Berikut nama-nama korban meninggal dunia dan telah diidentifikasi oleh pihak RS Bhayangkara Lumajang:
1. Tn. Riyono warga Babatan Kota Surabaya
2. Ny. Yelis Agustiana warga Dukuh Pakis Kota Surabaya
3. Tn. Gatot Hari Cahyono warga Gubeng Kota Surabaya
4. Tn. Nur Muhamad warga Karang Pilang Kota Surabaya
5. Ny. Sumarti warga Pakis Kota Surabaya
6. Tn. Edi Sugianto warga Pakis Gunung Sawahan Kota Surabaya
7. Ny. Titik Ristianti warga Putat Jaya Kota Surabaya
8. Tn. Suyono warga Tandes Kota Surabaya
9. Tn. Sukarnoto warga Putat Jaya Timur Kota Surabaya
10. Ny. Mariana warga Banyuurip Wetan, Sawahan Kota Surabaya
11. Ny. Sri Rahayu warga Simo Mulyo baru Kota Surabaya.
"Dari 11 jenazah tersebut, 10 di antaranya sudah dipulangkan ke rumah duka di Kota Surabaya, sedangkan satu jenazah atas nama Sri Rahayu masih berada di Instalasi Pemulasaran Jenazah RSUD dr Haryoto Lumajang," ujar AKBP Agus.
Sementara data korban yang mengalami luka berat dan mendapat perawatan di ICU RSUD dr. Haryoto Lumajang yakni Tn. Warsito (60) warga Banyu Urip Wetan Kota Surabaya, Ny. Ardhika (57) warga Perumahan Grand Hasanah Surabaya, dan anak Alena (4) yang merupakan cucu dari Ny. Sri Rahayu.
"Satu korban yang mengalami luka berat dirujuk rawat di RS Bhayangkara Lumajang atas nama Tn. Bayu Trinanto (58) warga Kembang Kuning Kulon Surabaya," katanya.

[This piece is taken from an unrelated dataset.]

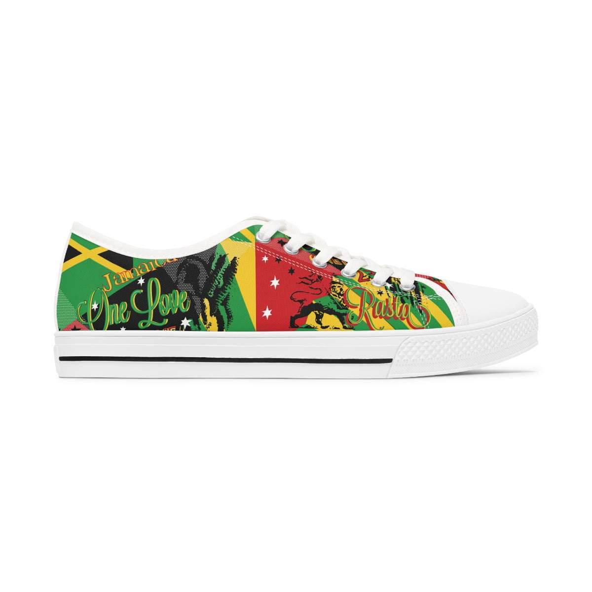 Rasta Reggae Party Women's Low Top Sneakers. Made with breathable polyester canvas and featuring hi-poly deodorant memory foam insoles, these women's low top sneakers bear all the marks of an awesome shoe. Choose between black or white sole and laces, and enjoy the silver metal eyelets along with the lace-up closure. Add your designs and bring a bespoke staple to life.

Seperti diketahui, sebuah minibus jenis Isuzu Elf bernomor polisi N 7646 T tertabrak KA Probowangi di perlintasan kereta api tidak terjaga di Desa Ranupakis, Kecamatan Klakah, Kabupaten Lumajang, pada Minggu (19/11) malam sekira pukul 19.53 WIB yang mengakibatkan 11 orang penumpang minibus meninggal dunia dan empat orang mengalami luka berat.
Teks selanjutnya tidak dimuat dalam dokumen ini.